INPUT RECORDS:
—————
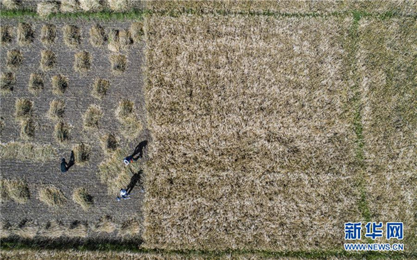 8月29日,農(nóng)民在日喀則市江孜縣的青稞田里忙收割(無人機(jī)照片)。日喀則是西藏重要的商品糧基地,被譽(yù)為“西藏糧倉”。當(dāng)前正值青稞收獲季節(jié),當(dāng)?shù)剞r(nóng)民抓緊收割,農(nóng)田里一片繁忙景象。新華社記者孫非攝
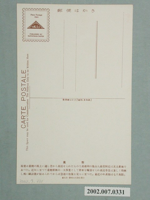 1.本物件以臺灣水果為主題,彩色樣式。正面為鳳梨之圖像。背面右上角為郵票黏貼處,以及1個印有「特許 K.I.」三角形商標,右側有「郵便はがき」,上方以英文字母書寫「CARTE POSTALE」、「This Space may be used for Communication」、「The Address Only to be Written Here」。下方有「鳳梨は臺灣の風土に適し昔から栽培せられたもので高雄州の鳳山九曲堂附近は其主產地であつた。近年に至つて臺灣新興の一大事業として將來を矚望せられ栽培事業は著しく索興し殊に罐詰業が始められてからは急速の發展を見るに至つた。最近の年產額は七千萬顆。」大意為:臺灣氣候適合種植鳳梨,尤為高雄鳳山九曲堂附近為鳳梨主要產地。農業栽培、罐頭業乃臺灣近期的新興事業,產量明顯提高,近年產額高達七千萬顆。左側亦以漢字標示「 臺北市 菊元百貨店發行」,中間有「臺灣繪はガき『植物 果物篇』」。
—————
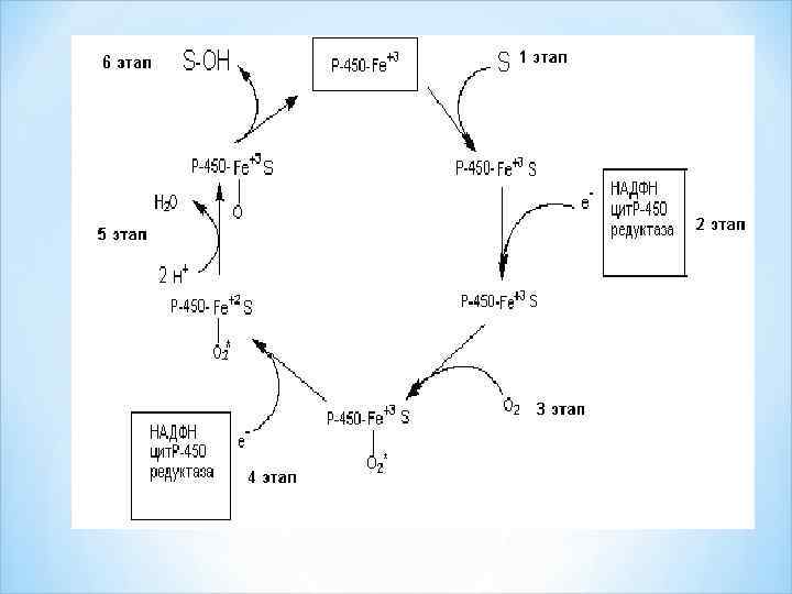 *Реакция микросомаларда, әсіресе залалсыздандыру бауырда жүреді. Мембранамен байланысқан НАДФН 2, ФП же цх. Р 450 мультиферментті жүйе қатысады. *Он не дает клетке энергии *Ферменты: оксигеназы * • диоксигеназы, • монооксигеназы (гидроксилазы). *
—————
Everything between and including the line above containing "8月29日,農(nóng)民" and the line containing "臺北市 菊元百貨店發行」,中間有「臺灣繪はガき『植物 果物篇』」。" should be reproduced exactly, with pictures excluded.

 8月29日,農(nóng)民在日喀則市江孜縣的青稞田里忙收割(無人機(jī)照片)。日喀則是西藏重要的商品糧基地,被譽(yù)為“西藏糧倉”。當(dāng)前正值青稞收獲季節(jié),當(dāng)?shù)剞r(nóng)民抓緊收割,農(nóng)田里一片繁忙景象。新華社記者孫非攝
 1.本物件以臺灣水果為主題,彩色樣式。正面為鳳梨之圖像。背面右上角為郵票黏貼處,以及1個印有「特許 K.I.」三角形商標,右側有「郵便はがき」,上方以英文字母書寫「CARTE POSTALE」、「This Space may be used for Communication」、「The Address Only to be Written Here」。下方有「鳳梨は臺灣の風土に適し昔から栽培せられたもので高雄州の鳳山九曲堂附近は其主產地であつた。近年に至つて臺灣新興の一大事業として將來を矚望せられ栽培事業は著しく索興し殊に罐詰業が始められてからは急速の發展を見るに至つた。最近の年產額は七千萬顆。」大意為:臺灣氣候適合種植鳳梨,尤為高雄鳳山九曲堂附近為鳳梨主要產地。農業栽培、罐頭業乃臺灣近期的新興事業,產量明顯提高,近年產額高達七千萬顆。左側亦以漢字標示「 臺北市 菊元百貨店發行」,中間有「臺灣繪はガき『植物 果物篇』」。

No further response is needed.